What other equipment do you already own?


----------



## Savjac (Apr 17, 2008)

Talley is correct, you can have any highly rated, high power amp you wish as long as you don't listen too loud and destroy the speakers themselves. As far as what is too loud ? I think your ears should tell you this.


----------



## Blainetsuds (Feb 12, 2013)

Thanks everyone for your advice.


----------



## Todd Anderson (Jul 24, 2009)

Blainetsuds said:


> How loud is too loud ?


Don't push the speakers beyond their limits. You'll know it when they get close.


----------



## Blainetsuds (Feb 12, 2013)

Ok Todd , thanks.


----------



## tesseract (Aug 9, 2010)

I am pushing small monitors with an Emotiva XPA-2 Gen 2 amp, no issues and clipping is a thing of the past!

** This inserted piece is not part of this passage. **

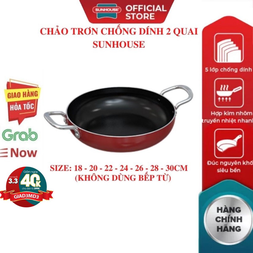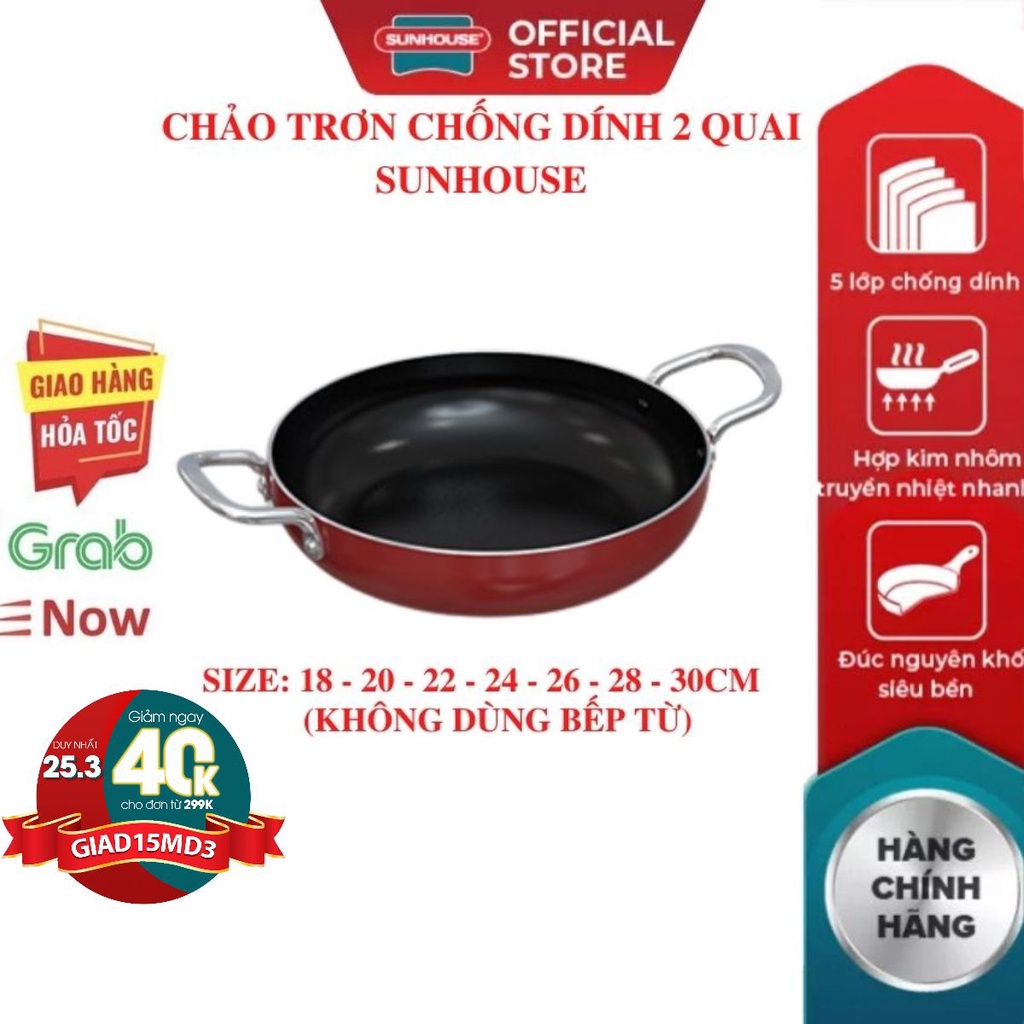 Nhà cửa & Đời sống > Dụng cụ nhà bếp > Chảo || Chảo chống dính trơn SUNHOUSE 18 20 22 24 26 28 30 CM Siêu Dày (dùng được mọi loại bếp) Mới 100% Chính Hãng Bảo HàngCòn hàng

Get as much power as you can afford.


----------



## Blainetsuds (Feb 12, 2013)

Thanks tesseract.


----------



## tcarcio (Jun 27, 2007)

I have run 100w speakers with a 500w per channel amp with no issues. Like mentioned just don't overdrive them. Use common sense and don't let your drunk friend run the controls. It is better to have more power and headroom than to underpower them. If you underpower them and you keep straining the amp to get to the level you want you will introduce distortion and that will blow a speaker faster than more power used correctly.


----------



## Blainetsuds (Feb 12, 2013)

Thanks tcarcio.


----------



## Hank Perkins (Jun 6, 2016)

tesseract said:


> I am pushing small monitors with an Emotiva XPA-2 Gen 2 amp, no issues and clipping is a thing of the past!
> 
> Get as much power as you can afford.


IMO too much power??? Are you kidding???

With home theaters we go from very quiet to very loud scenes. This places strains on amplifiers and speakers. Fast, high power amplifiers are the key to great home theaters.

With two channel music you will rarely see amplifiers pump out over 50 watts depending on the speakers (efficiency less than 87db) in a home environment. But with theaters that number can get significantly higher than that at reference SPL. Polk speakers love power.


----------